Documents are tangible materials in which facts or ideas have been recorded. Typically, we think of
items written or produced on paper, such as newspaper articles, Government policy records, leaflets
and minutes of meetings. Items in other media can also be the subject of documentary analysis,
including films, songs, websites and photographs.
Documents can reveal a great deal about the people or organisation that produced them and the
social context in which they emerged.
Some documents are part of the public domain and are freely accessible, whereas other documents
may be classified, confidential or otherwise unavailable to public access. If such documents are
used as data for research, the researcher must come to an agreement with the holder of the
documents about how the contents can and cannot be used and how confidentiality will be
preserved.
See our page: Observational Research and Secondary Data for more information.
For every philosophical underpinning, you will almost certainly be able to find
researchers who support it and those who dont.

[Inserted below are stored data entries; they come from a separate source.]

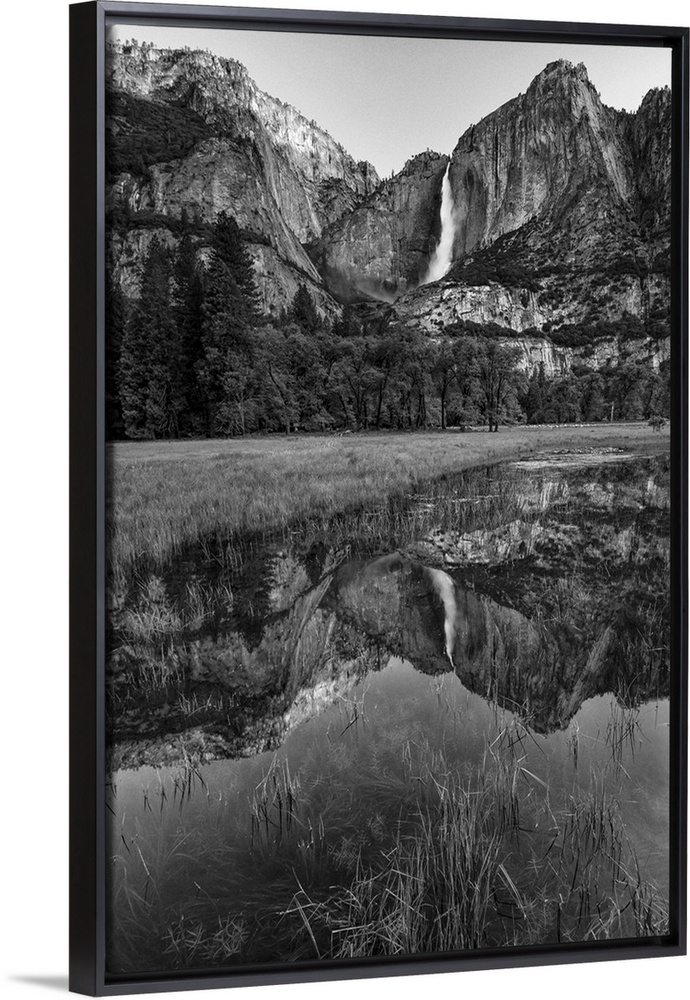 <p>North America, USA, California, Yosemite National Park. Black and White image of Upper Yosemite Falls with reflection in a pool, Yosemite National Park, CA</p>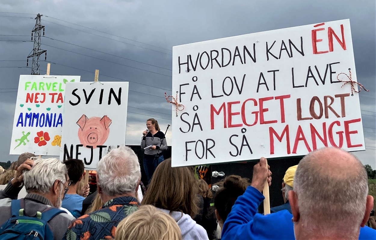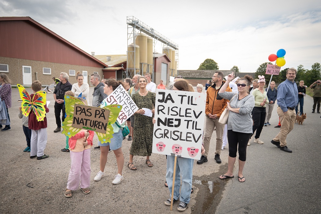 I august 2023 var Tybjerggård målet for en større demonstration fra de lokale beboere i Rislev, hvor 175 børn og voksne gik med i en demonstration med en ren skilteskov med protestbudskaber for at få stoppet byggeriet af endnu en fabrik. Svinekødsproducenten havde fået Næstved Kommunes miljøgodkendelse til at opføre en ekstra fabriksbygning blot 30 meter fra den eksisterende. Fidusen var kendt som CVR-finten, og ifølge Greenpeace ville den betyde mere ammoniakforurening af en sårbar og beskyttet natur, større lugtgener, larm og tung trafik. Foto: Greenpeace
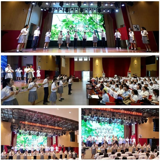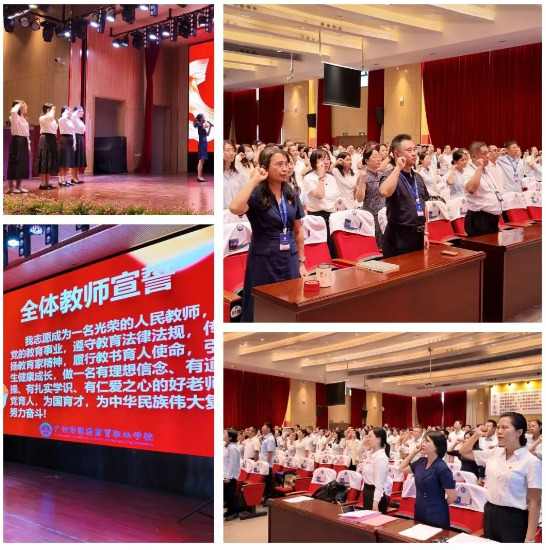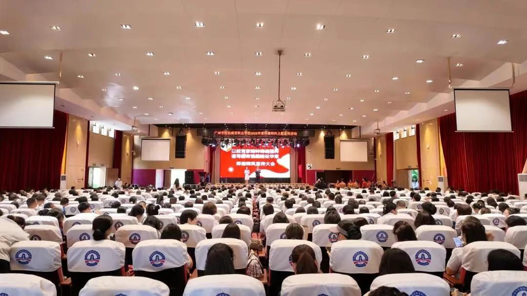 大洋网讯 9月5日,在第四十一个教师节来临之际,广州市财经商贸职业学校(简称“广州财商”)于龙归校区明德堂隆重举行“以教育家精神铸魂强师,谱写教育强国建设华章”师德师风宣传大会。学校领导班子成员及全体教职工参加会议,共同聆听榜样故事、重温教师誓词、凝聚育人共识,开启新学年奋进征程。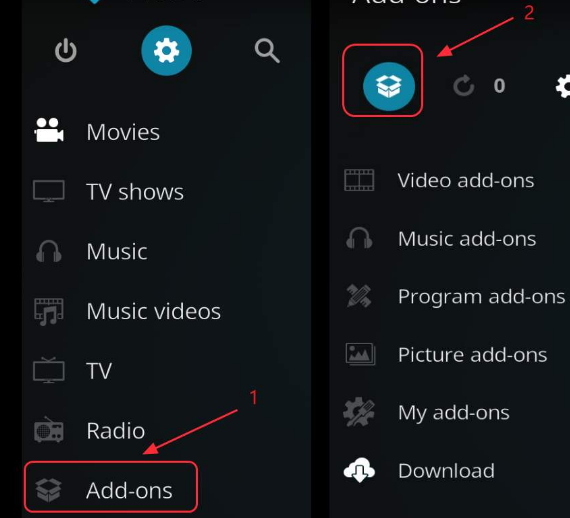 - Come back to Kodi home page. Click Add-ons in the Menu section in the left pane and then click the Package icon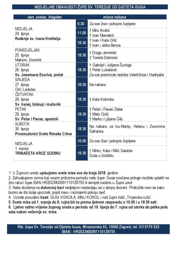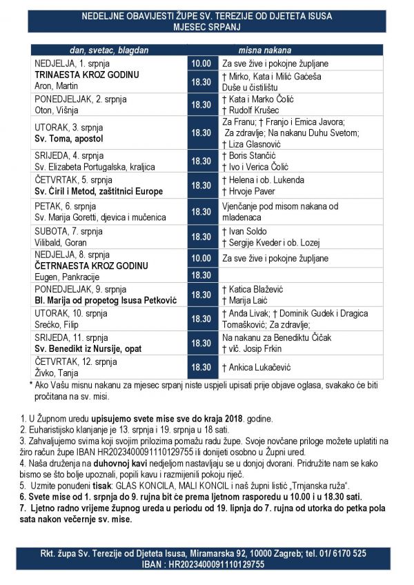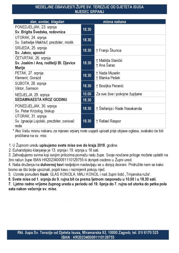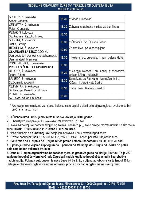 * Ako svoju misnu nakanu za mjesec kolovoz niste uspjeli upisati prije objave oglasa, svakako će biti pročitana na sv. misi.
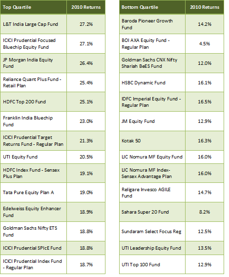 But to understand, how these funds performed relative to other funds across various time periods, we will put funds in four performance quartiles for each time period (please refer to our article, Choose Best Mutual Funds wisely: A big performance differential between top and bottom performers). Funds in the top quartile in a particular period were the best performers, and those in the bottom quartile, were the worst performers. The table below lists the funds in the top and bottom performance quartiles based on the 2010 returns. There are 14 funds in the top quartile and 14 in the bottom, out of the total 56 large cap funds in 2010.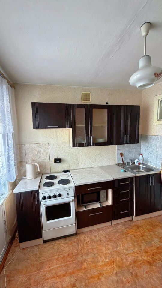 В квартире скромный ремонт, но есть все необходимое для комфортного проживания - кухонный гарнитур, холодильник, чайник, электроплита, стиральная машинка. Есть большая лоджия с видом на площадь СК Снежинка.

Use the arguments for and against expressed in the literature to explain why
you have chosen to use this methodology or why the weaknesses dont matter
here.
This is the point at which to set out your chosen research methods, including their theoretical basis,
and the literature supporting them. You should make clear whether you think the method is tried and
tested or much more experimental, and what kind of reliance you could place on the results. You will
also need to discuss this again in the discussion section.
Your research may even aim to test the research methods, to see if they work in certain
circumstances.
You should conclude by summarising your research methods, the underpinning approach, and what
you see as the key challenges that you will face in your research. Again, these are the areas that
you will want to revisit in your discussion.
Conclusion
Your methodology, and the precise methods that you choose to
use in your research, are crucial to its success.
It is worth spending plenty of time on this section to ensure that you get it right.
As always, draw on the resources available to you, for example by discussing
your plans in detail with your supervisor who may be able to suggest whether
your approach has significant flaws which you could address in some way.